Getting Started
Table of contents
Installation
Data I/O was built and tested with Spark 3.2.1/3.3.2/3.4.1 and Scala 2.12. Support for prior versions is not guaranteed.
Published releases are available on GitHub Packages, in the AmadeusITGroup repository.
Using Maven:
<dependency>
<groupId>com.amadeus.dataio</groupId>
<artifactId>dataio-core</artifactId>
<version>x.x.x</version>
</dependency>
Minimal Example
This example presents how to write a rudimentary data pipeline: removing the duplicates from a CSV dataset, and saving the result as Parquet.
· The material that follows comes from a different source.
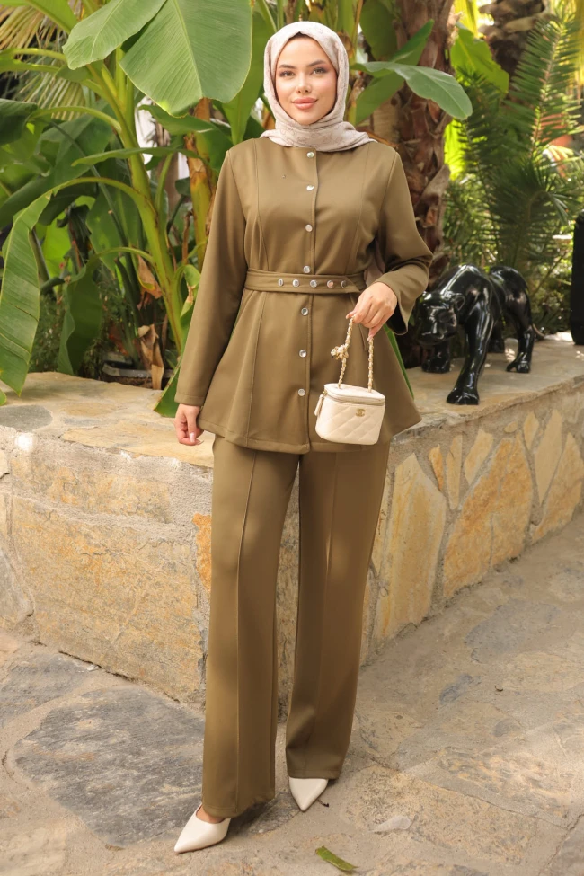 * Ürün Detay : Ürünümüz yeni sezona uygun Scuba kumaştan üretilmiştir.  Ceket ile Pantolon ikili takım şeklindedir. Ceket ön kısmı çıtçıt düğmeli olup bel kısmı kemerlidir. Pantolon bel kısmı lastiklidir.

To make it work, you only need to write three components:
- A data processor, which contains the transformations to operate on the data,
- A configuration file, which contains information about the processor to use, the inputs, outputs, etc.,
- A data pipeline, which loads the configuration file and runs the data processor with the configuration that you defined.
The Data Processor
Every transformation made using Data I/O must be written in a data processor, a class that you create by extending the Processor trait or one of its sub-classes.
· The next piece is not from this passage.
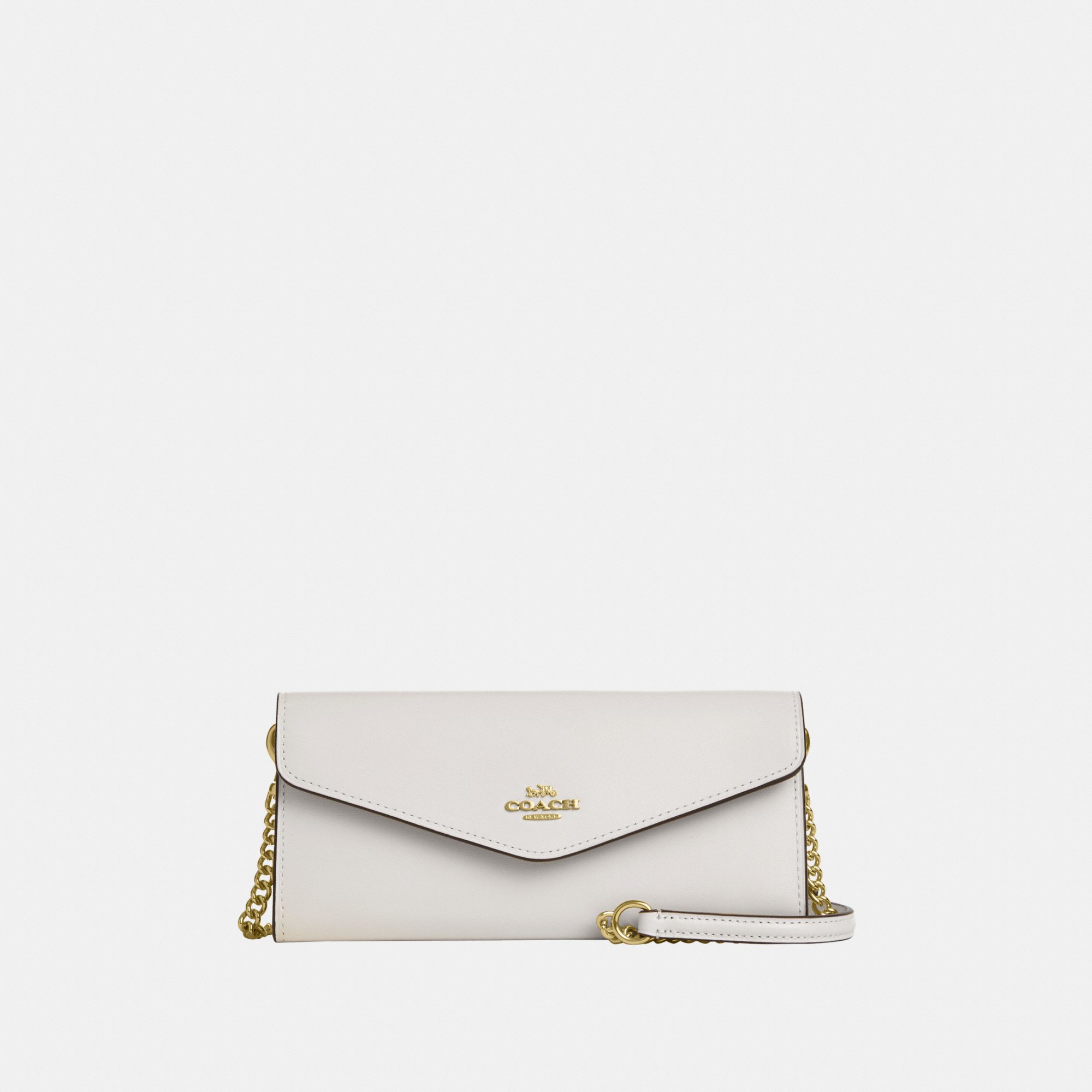 Coach Womens Klare Wallet With Chain in Refined Box Calf - White Le...

Data transformations happen in the run
method, which is used by the data pipeline to start the data processing.
package gettingstarted
import com.amadeus.dataio.{HandlerAccessor, Processor}
import org.apache.spark.sql.SparkSession
case class DuplicatesDropper() extends Processor {
override def run(handlers: HandlerAccessor)(implicit spark: SparkSession): Unit = {
val myInputData = handlers.input.read("my-input")
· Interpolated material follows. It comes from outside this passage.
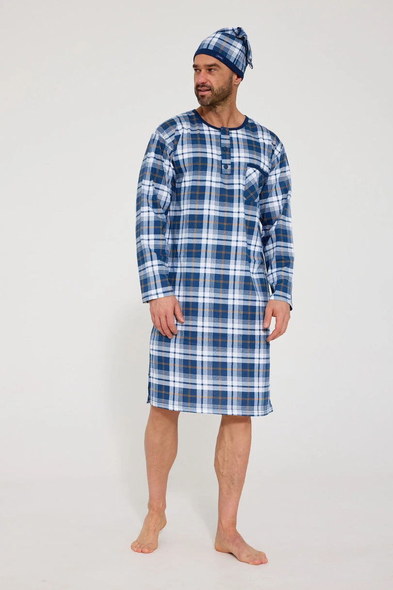 Pánská noční košile Cornette DR 110 W/26 je klasickou a pohodlnou nabídkou pro muže, kteří si cení pohodlí a nadčasového stylu. Model s dlouhými rukávy byl ušit z mimořádně měkké, vysoce kvalitní bavlny, která je příjemná k pokožce, prodyšná a zajišťuje pohodlný spánek po celý rok.

val fixedData = myInputData.dropDuplicates
handlers.output.write("my-output", fixedData)
}
}
The Configuration File
The configuration file contains the definition of the data processor your application will run, as well as inputs, outputs and distributors. In our case, we only need one input, and one output.
Processing {
Type = "gettingstarted.DuplicatesDropper"
}
Input {
Name = "my-input"
Type = "com.amadeus.dataio.pipes.storage.batch.StorageInput"
Path = "/path/my-input"
Format = "csv"
Options {
header = "true"
}
}
Output {
Name = "my-output"
Type = "com.amadeus.dataio.pipes.storage.batch.StorageOutput"
Path = "/path/my-output"
Format = "parquet"
}
The Data Pipeline
Now that we’re ready, it’s time create our pipeline. To do so, we’ll use the configuration file.
package gettingstarted
import com.amadeus.dataio.Pipeline
import org.apache.spark.sql.SparkSession
object MySparkApplication extends App {
// val spark: SparkSession = (...)
Pipeline("src/main/resources/application.conf").run(spark)
}